Preparation time: 20 min
Cooking time: 50 min
2 Knorr Vegetable Stock Pot
2 tbsps olive oil
2 small onions, peeled and finely chopped
3 garlic cloves, peeled and finely chopped
6 small carrots, peeled and finely chopped
3 celery stalks, finely chopped
2 tbsps tomato puree (optional)
2 x 420g tins of butter beans in water, drained
500g pumpkin, peeled and chopped into chunks
2 courgettes or 6–8 baby courgettes, cut into chunks
1 tsp chopped fresh thyme
Crusty bread, to serve
First, make the stock. Dissolve the Knorr Vegetable Stock Pots in 1.2l of boiling water, stirring until thoroughly dissolved. Place the Knorr Vegetable Stock in a large saucepan and bring to a gentle simmer.

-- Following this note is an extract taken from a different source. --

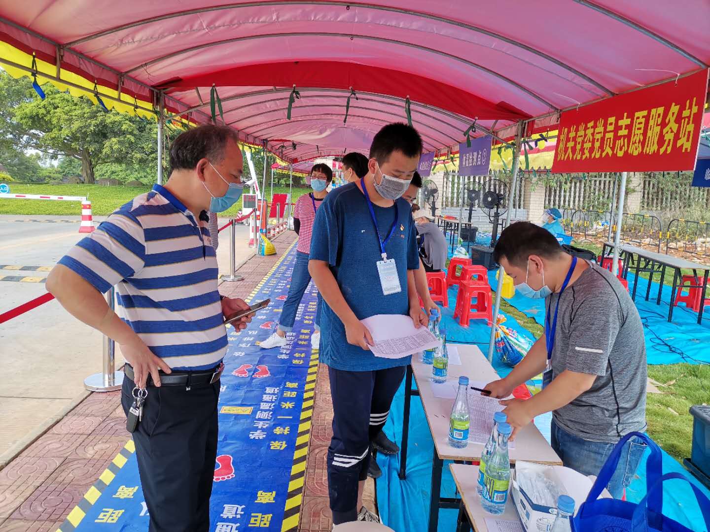 5月25日,今天是研究生返校的第一天,滨海农业公司党委书记邓伟强带领党政办工作人员和研究生辅导员到研究生宿舍和校门口检查研究生返校情况。

In a separate large heavy-based saucepan, heat the olive oil. Add in the onion and garlic and fry for 1–2 minutes over a high heat, stirring constantly so that they soften but don’t brown at all.
Add in the carrot and celery and cook for 2–3 minutes, stirring constantly. Add in the tomato puree – this will give the soup a great colour – and cook over a medium heat, stirring constantly to mix in well.
Bring the simmering Knorr Vegetable Stock to the boil and add to the onion mixture. Bring to the boil, then reduce the heat and simmer for 20 minutes.
Add in the drained butter beans and simmer for 10 minutes, then add in the pumpkin or butternut squash, bring to the boil and simmer for 10 minutes.
Add in courgettes and thyme, bring to the boil, reduce the heat and simmer for 5 more minutes. Adding fresh thyme gives a lovely flavour to the broth.
Check that the vegetables are cooked through; you want them tender, but retaining texture.
I'm a great fan of olive oil and I like to drizzle my soup with a little extra olive oil just before serving, but it’s your choice.
Take the soup to the table to serve. Some slices of crusty bread would go well with it.